>>>>>
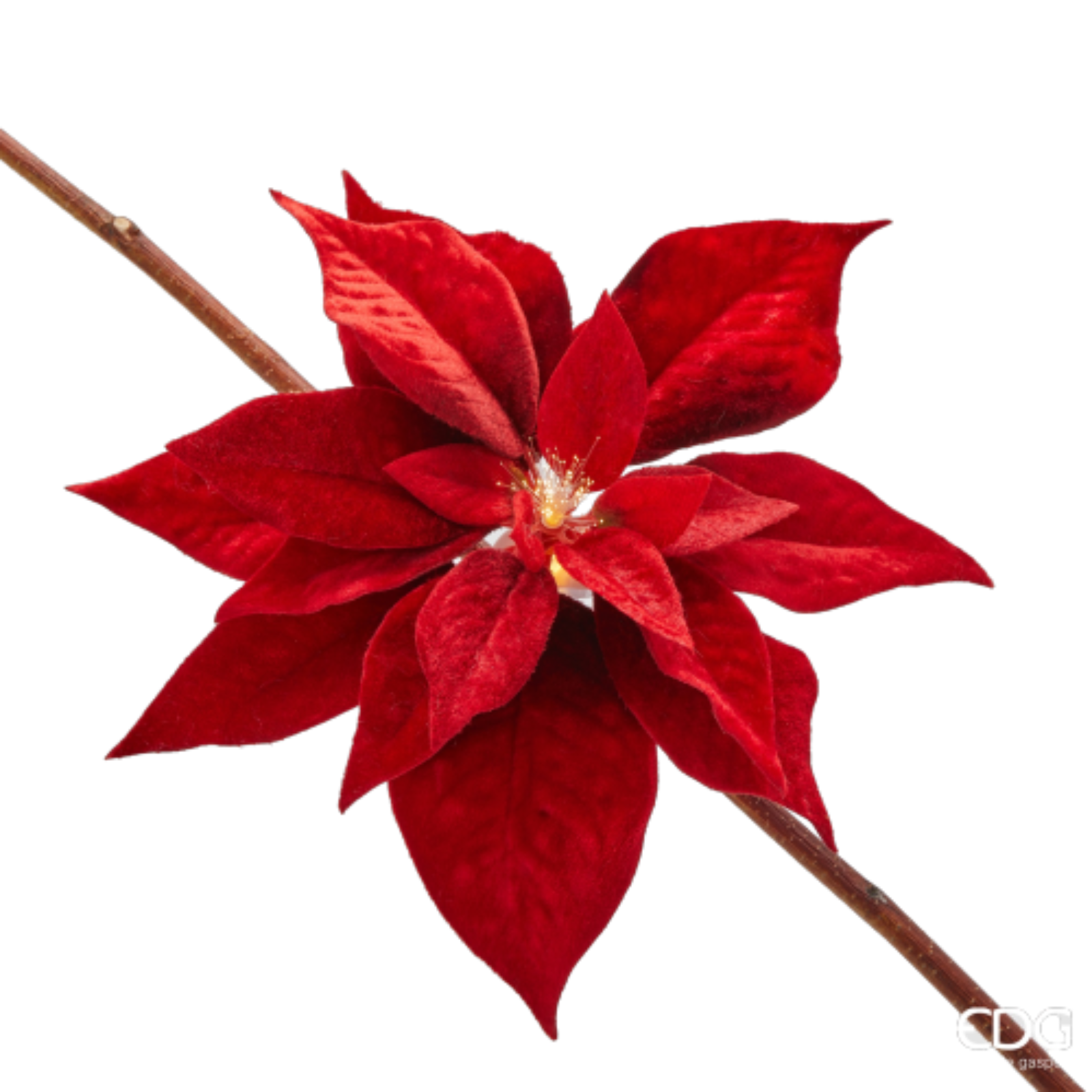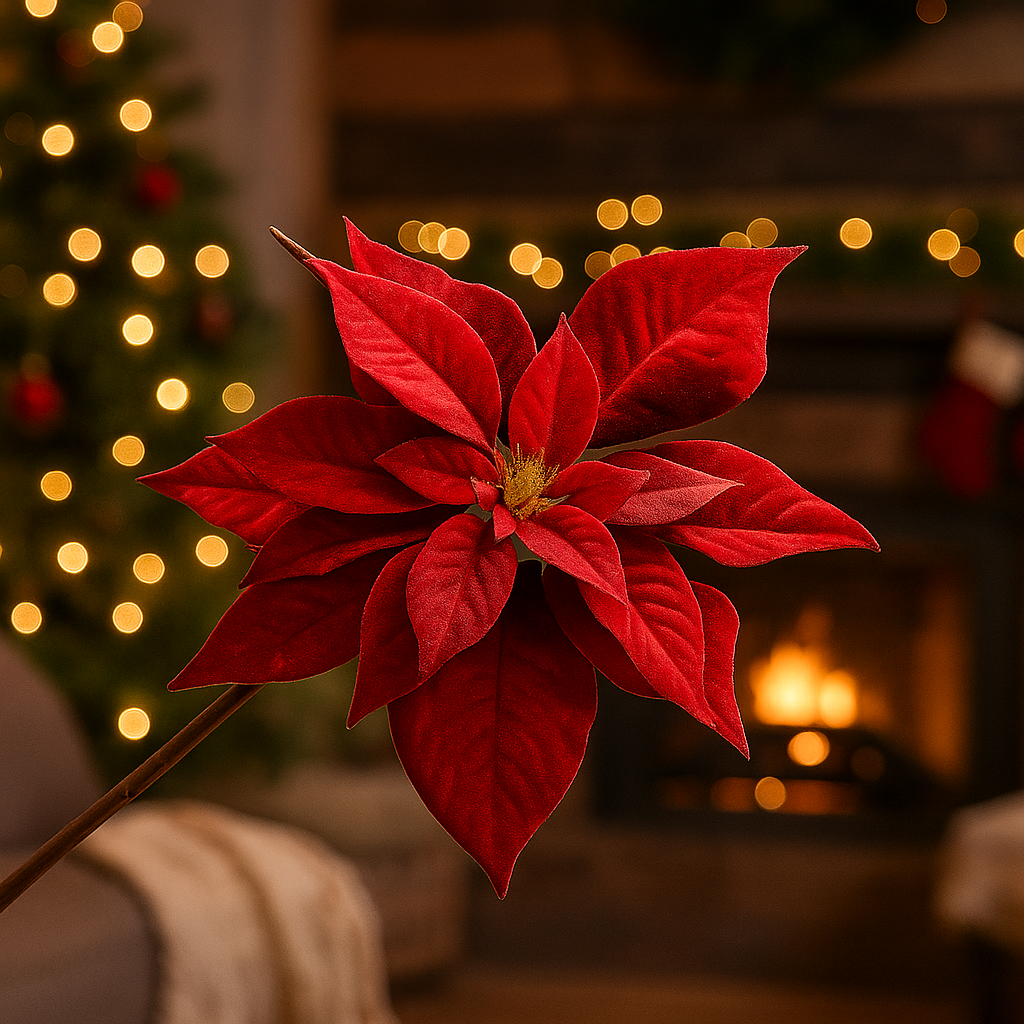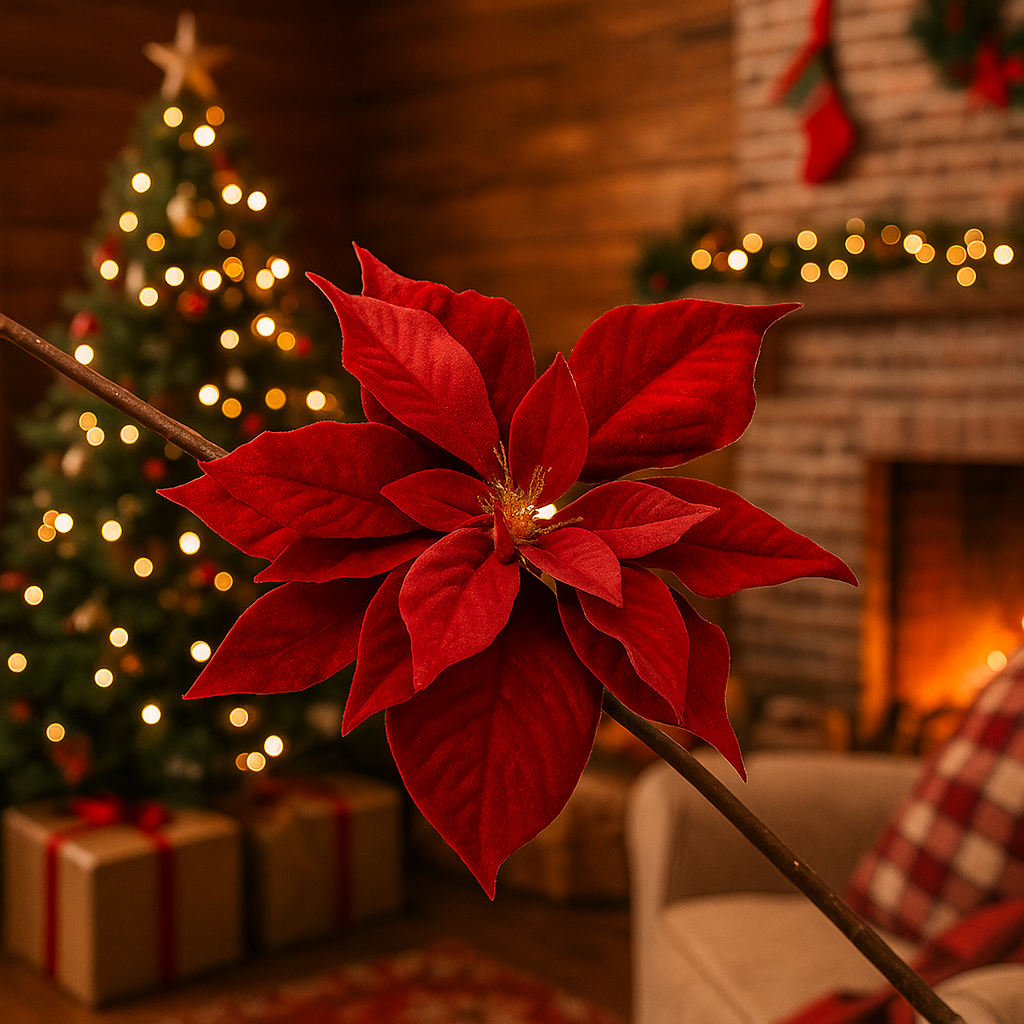 Un fiore di poinsettia morbidissimo al tatto, rivestito di velluto rosso intenso, pensato per dare un tocco di eleganza classica a qualsiasi decorazione natalizia.
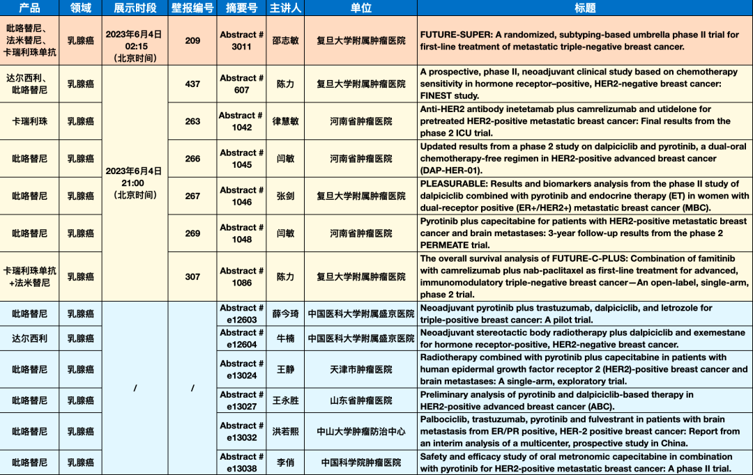 在乳腺癌领域,吡咯替尼、达尔西利、卡瑞利珠单抗、法米替尼,或产品间联合或联合化疗,共有13项研究入选(包括1项壁报讨论、6项壁报展示和6项线上发表)。
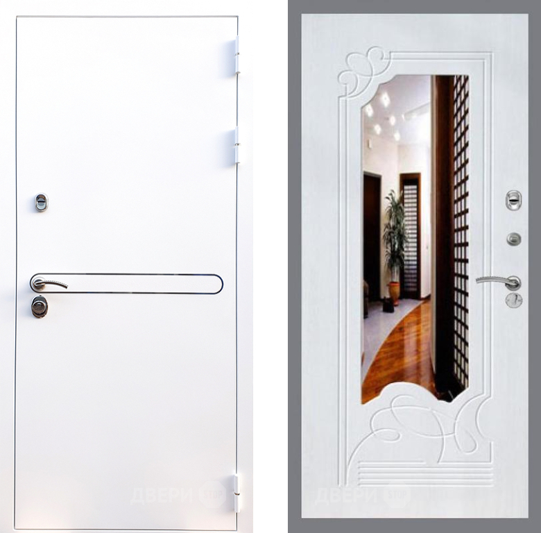 Входная Дверь Стоп Лайн Вайт ЗкркалоФЛ-147 Ясень белый 860x2050 мм
<<<<<
▶ Exercise goal
Reproduce the whole listing word for word, setting aside any pictures.

▶ Task response
 Un fiore di poinsettia morbidissimo al tatto, rivestito di velluto rosso intenso, pensato per dare un tocco di eleganza classica a qualsiasi decorazione natalizia.
 在乳腺癌领域,吡咯替尼、达尔西利、卡瑞利珠单抗、法米替尼,或产品间联合或联合化疗,共有13项研究入选(包括1项壁报讨论、6项壁报展示和6项线上发表)。
 Входная Дверь Стоп Лайн Вайт ЗкркалоФЛ-147 Ясень белый 860x2050 мм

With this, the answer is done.